Why SOFI (NASDAQ:SOFI) Stock Is Worth Considering Ahead of Earnings
In all probability, SoFi (NASDAQ:SOFI) should post an earnings surprise in the third quarter. The need for personal loans keeps increasing, especially during tough economic times when people usually need additional funds. Credit card companies are becoming more aggressive with their interest rates, so people have turned to personal loans instead. SoFi has been able to capitalize on this trend because it offers both consumer financial services and lending. The future looks bright for the company. As such, we are bullish on SOFI stocks.
Investors are hoping that strong bank profits hint at the resilience of the economy. Investor optimism has been at an all-time high of late, with most reacting positively to the latest financial results from leading banks. This is great news for SOFI investors who were hoping that strong bank earnings would indicate that the financial sector is poised for a comeback.
SoFi’s stock is down over 65% year-to-date, but it could see a recovery soon. There’s only two months left of this year and if it can dish out an earnings surprise, we could see the price rally again. It’s trading at a beta of around 2.0, suggesting it’s twice as volatile as the broader market. Therefore, investing in them comes with a fair share of risk.
However, it presents itself as an excellent pre-win bet. It is currently trading at around 3.5 times forward sales, which is significantly lower compared to a few months ago.
SoFi taps into the growing demand for personal loans
The financial services offered by SoFi aim to help consumers with their daily needs. The company has served millions of customers through high-yielding checking and savings accounts, credit cards, brokerage services and more. In addition, it offers credit products that can be approved faster and on more favorable terms thanks to its extensive database. In essence, SoFi is a financial one-stop shop.
In recent quarters, the company has beaten expectations. With third quarter results forthcoming, it is plausible to expect another solid result on the back of a robust personal credit trend that continues to grow steadily. SoFi’s expansion into new markets and its ability to offer a personalized service will make it easier to reach new customers.
Additionally, the company’s strong balance sheet is a major asset for the company. It has a whopping $707 million in cash, which gives it plenty of room to grow its business at a robust pace for the foreseeable future. Even more encouraging is that losses have improved significantly.
The company reported a loss of $0.26 per share in the second quarter of 2021, which improved 53.8% to a loss of $0.12 per share in the second quarter of this year. It is possible that the result will be positive by next year. Also, SoFi ended the quarter with 4.3 million members, a 69% increase over the prior-year period.
As such, we are incredibly positive about the future growth and success of the company.
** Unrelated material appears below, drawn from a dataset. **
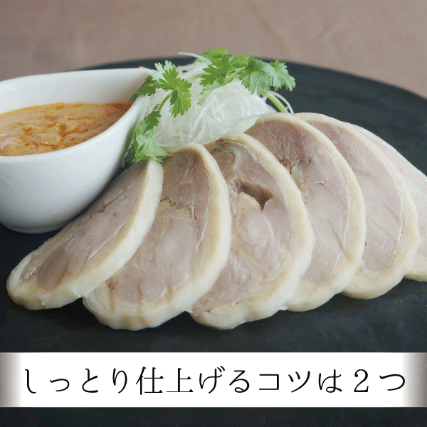 この蒸し鶏は国産のもも肉を紹興酒、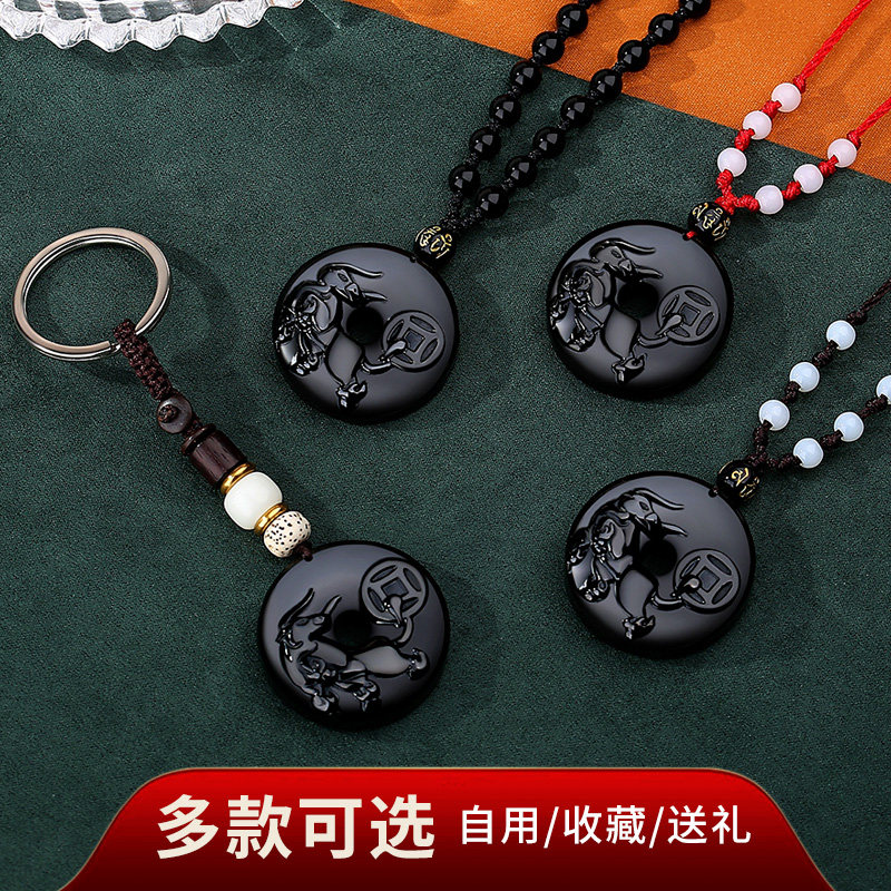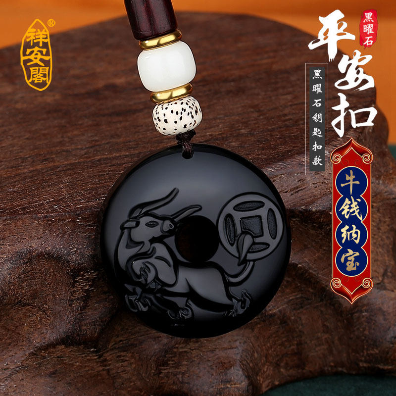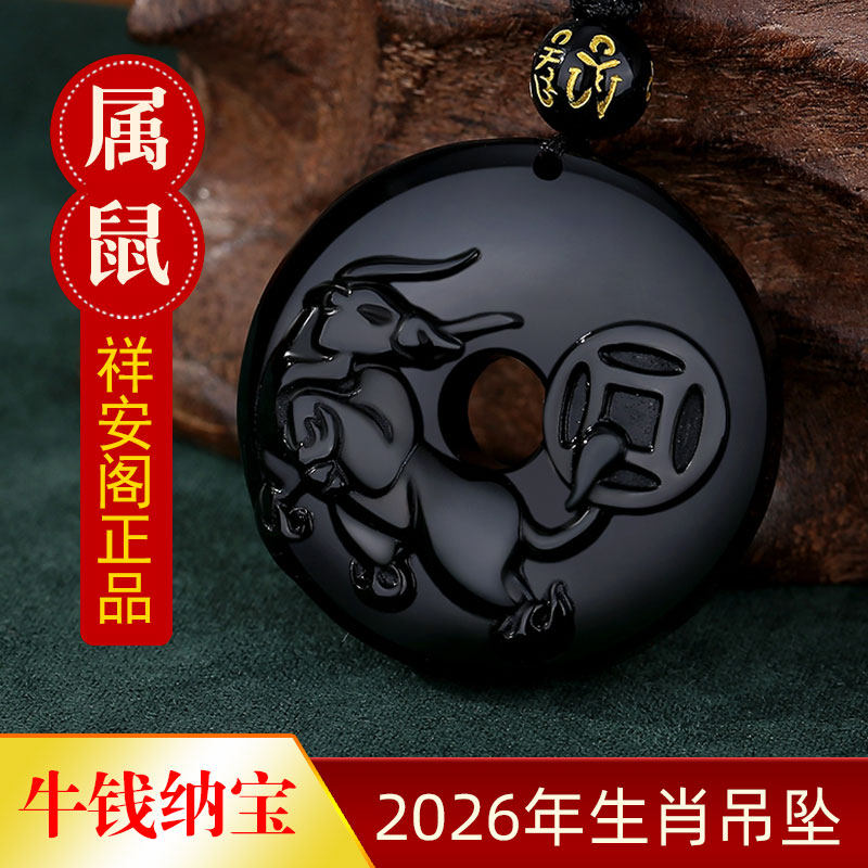 祥安阁牛钱纳宝吊坠黑曜石属鼠人2026年吉祥物男女生肖鼠佩戴挂件

Its losses are unlikely to hamper its plans going forward, and with student loan issuance improving dramatically over the next year, SOFI stock could rally sharply.
What is the price target for SoFi stock?
As for Wall Street, SOFI stock retains a consensus rating of Moderate Buy based on six buy, three hold and zero sell assigned over the past three months. The average SOFI price target is $8.25, which means a 51.38% upside potential. Analyst price targets range from a low of $7 per share to a high of $10 per share.
Conclusion: SOFI stock is likely to beat gains
The company is expected to report its third-quarter results soon, and investors will have a better understanding of where it stands. In all likelihood, however, it should record another solid hit on both the top and bottom.
The surge in personal credit is being fueled by consumers seeking debt consolidation and easily accessible funds. SoFi has capitalized on this opportunity by increasing its origination rate faster than its peers.
Stocks are on an uptrend following recent bank gains, but investors should also brace for more volatility. The Federal Reserve is set to raise interest rates at its upcoming meetings over the next few months as inflation remains incredibly high.
Therefore, the volatility is given in the current market scenario. However, this does not detract from the quality of SoFi and a long-term bull case. Investors should take a long-term view and buy the stock while it’s trading near its 52-week low.